Reason for custom Cross Entropy Loss Function

ItzHaad commented 3 months ago

Hi, I was looking at your code and wanted to ask that why didn't you use the torch.nn.CrossEntropyLoss() and used your own implementation instead? Since, Pytorch also supports the targets matrix to be class probabilities as well. And would be more stable. Or is there any significance to this line, that i might not be understanding correctly? log_softmax = nn.LogSoftmax(dim=-1) loss = (-targets * log_softmax(preds)).sum(1)

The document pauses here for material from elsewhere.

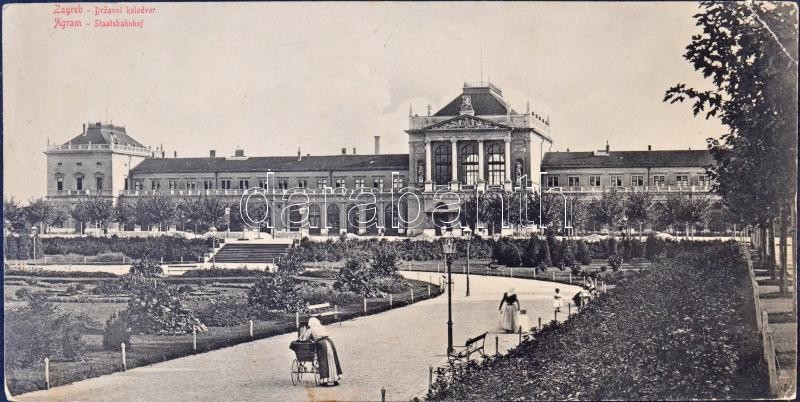 Zagreb, Zágráb; Vasútállomás, babakocsi. Három részes hajtatlan panorá... https://www.darabanth.com/de/326-Fernauktion/326.0/Ansichtskarten/Kroatien~2500009/Zagreb-Zagrab-Vasutallomas-babakocsi-Harom-reszes-hajtatlan-panoramalap-Drzavni-kolodv~II1776686

Also, any particular reason why in the forward pass reduction is set to None rather than mean?

BTW, that's quite a nice trick for handling multi-labels.

moein-shariatnia commented 3 months ago

Hi,

Yes, you're right. In the README section after the loss definition, I explain this:

Here's why I didn't use a simpler approach: I need to admit that there's a simpler way to calculate this loss in PyTorch; by doing this: nn.CrossEntropyLoss()(logits, torch.arange(batch_size)). Why I did not use it here? ...

ItzHaad commented 3 months ago

1) I already understand that logic behind not using torch.arange. My question is much simpler, i was just asking why was there a need for a custom CrossEntropyLoss for your code. Is there something different happening from the standard CrossEntropyLoss that pytorch offers?

So, in:

texts_loss = cross_entropy(logits, targets, reduction='none')
images_loss = cross_entropy(logits.T, targets.T, reduction='none')
loss =  (images_loss + texts_loss) / 2.0 # shape: (batch_size)
return loss.mean()

Can i just do this instead:

texts_loss = torch.nn.CrossEntropyLoss(logits, targets, reduction='none')
images_loss = torch.nn.CrossEntropyLoss(logits.T, targets.T, reduction='none')
loss =  (images_loss + texts_loss) / 2.0 # shape: (batch_size)
return loss.mean()

2) Another question, any particular reason why in the cross_entropy_loss, reduction is set to None rather than mean?"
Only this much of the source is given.